# PROBLEM REQUIREMENTS
Nothing but the lines from the one with "This is the" through the end of the listing should be reproduced, each exactly and with pictures omitted.

*** Opening SOURCE MATERIAL ***

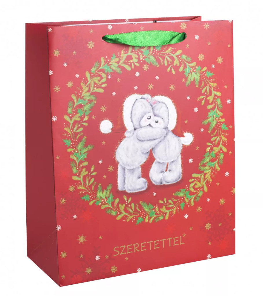 Az Ölelő Macik – Szeretettel Ajándéktasak melegséget, kedvességet és igazi ünnepi hangulatot áraszt. Piros alapszíne karácsonyi díszítésekkel, arany hópelyhekkel és egy kedvesen ölelkező macipárral teszi különlegessé. A „SZERETETTEL” felirat még személyesebbé varázsolja, így tökéletes választás családtagoknak, barátoknak vagy meghitt ajándékok átadásához.
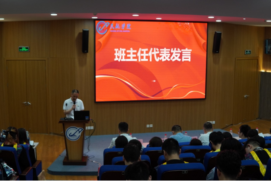 20级班主任代表马宗耀发言,他表达了对即将踏上新征程的毕业生的祝福,对他们的成长和蜕变表示了欣慰,并鼓励毕业生们在职业生涯中保持谦逊和乐观的心态。
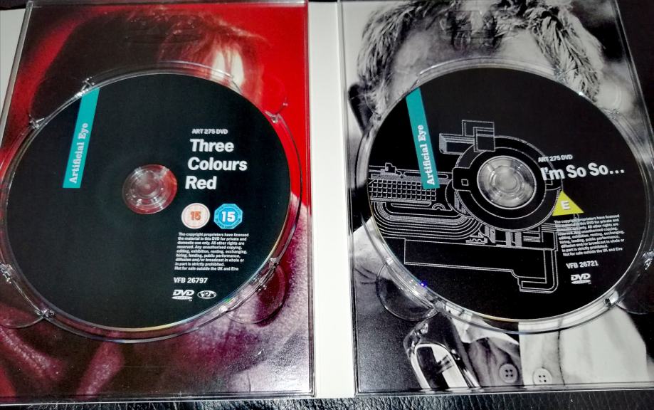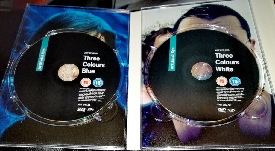 Kultni režiser Krzysztof Kieslowski in njegova trilogija Three Colours (Tri barve): BELA, MODRA, RDEČA z odlično Juliette Binoche v glavni vlogi. Plus dodatni disk z dokumentarcem! Kot novo.
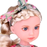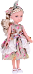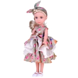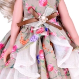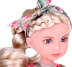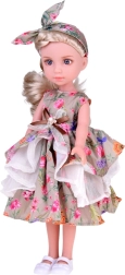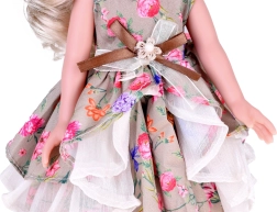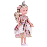 Tato okouzlující panenka je perfektní volbou pro každou malou milovnici módy. S dlouhými, blond vlasy spletenými do elegantního copu, je oblečena do elegantních květinových šatů zdobených volány, které doplňuje květinová čelenka a bílé střevíčky. Celkový styl je prostě úchvatný!
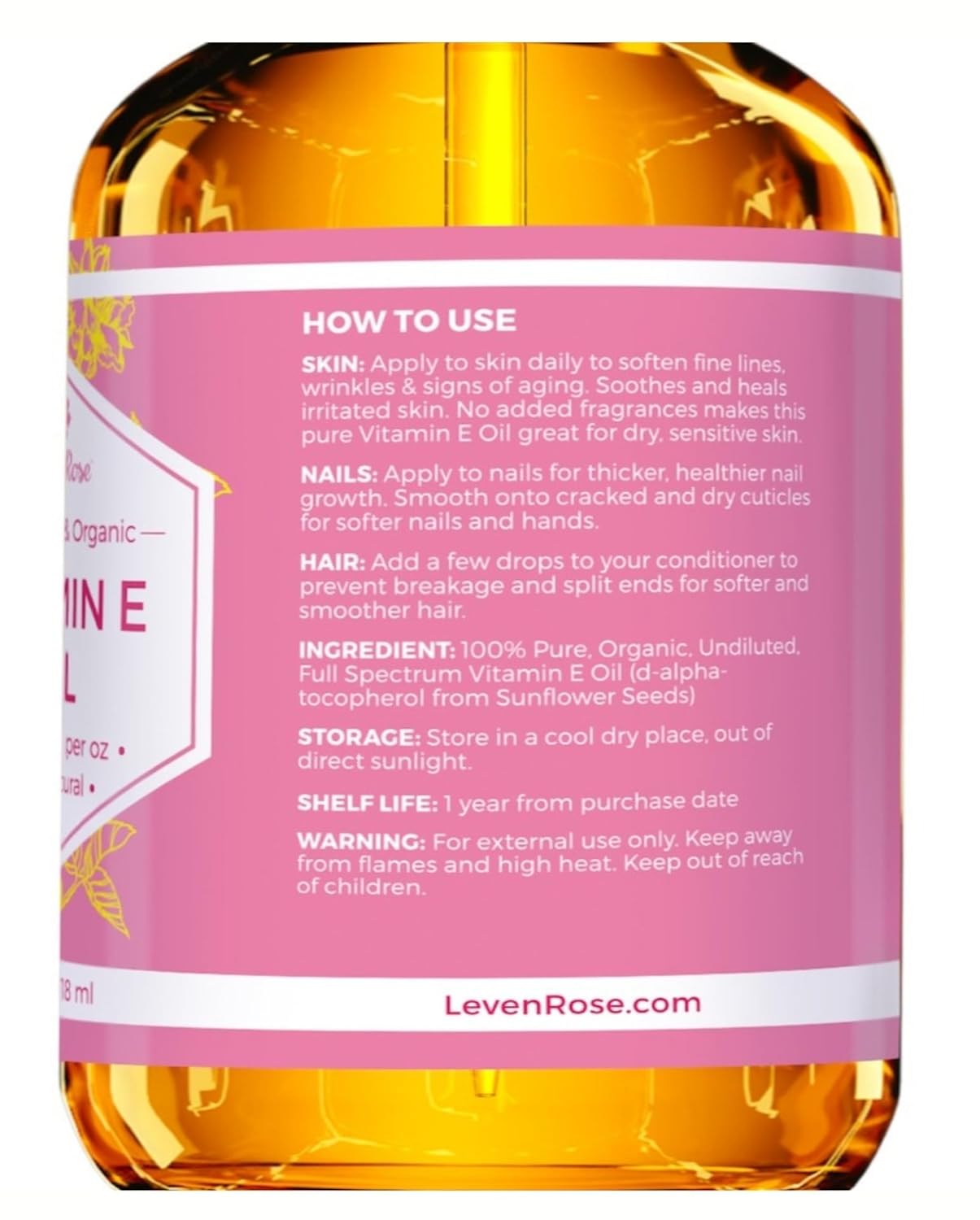 The world of beauty and wellness with our 4 oz Leven Rose vitamin E oil. Beautiful and resistant skin and lush hair and nails are closer than it might appear. Imagine a skincare routine that feels like an amusing spa day, every day. This vitamin E oil hydrates and nourishes, leaving your skin with a healthy glow. Its silky texture feels like a gentle touch, and the earthy scent adds a touch of nature to your daily makeup. But the magic doesn’t stop there. Our vitamin E oil can be used for many purposes. It’s not just for your skin – it’s for your hair too. It makes the dry, brittle hair lively and filled with energy in every strand. Furthermore, it doesn’t forget about your nails, repairing cracks and dry cuticles. Protect your skin from the rough elements with fun by using our vitamin E oil. Whether it is the strong winter cold or the summer sun, this oil has got your back. Its antioxidant properties shield you from many things. Convenient vitamin E oil with a user-friendly pipette takes only a few actions and no effort to apply oil. Achieve Instant and long-lasting results are that are a drop away from you.
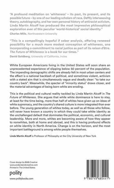 This is the political and cultural reality tackled by Linda Martín Alcoff in The Future of Whiteness. She argues that whiteness is here to stay, at least for a while, but that half of whites have given up on ideas of white supremacy, and the shared public, material culture is more integrated than ever. More and more, whites are becoming aware of how they appear to non-whites, both at home and abroad, and this is having profound effects on white identity in North America. The young generation of whites today, as well as all those who follow, will have never known a country in which they could take white identity as the unchallenged default that dominates the political, economic and cultural leadership. Change is on the horizon, and the most important battleground is among white people themselves.
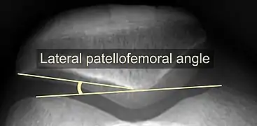 - The patellofemoral index is the ratio between the thickness of the medial joint space and the lateral joint space (L). With the knee 20° flexed, it should measure 1.6 or less.[16]

*** Closing SOURCE MATERIAL ***

# SOLUTION FOR THIS TASK
 This is the political and cultural reality tackled by Linda Martín Alcoff in The Future of Whiteness. She argues that whiteness is here to stay, at least for a while, but that half of whites have given up on ideas of white supremacy, and the shared public, material culture is more integrated than ever. More and more, whites are becoming aware of how they appear to non-whites, both at home and abroad, and this is having profound effects on white identity in North America. The young generation of whites today, as well as all those who follow, will have never known a country in which they could take white identity as the unchallenged default that dominates the political, economic and cultural leadership. Change is on the horizon, and the most important battleground is among white people themselves.
 - The patellofemoral index is the ratio between the thickness of the medial joint space and the lateral joint space (L). With the knee 20° flexed, it should measure 1.6 or less.[16]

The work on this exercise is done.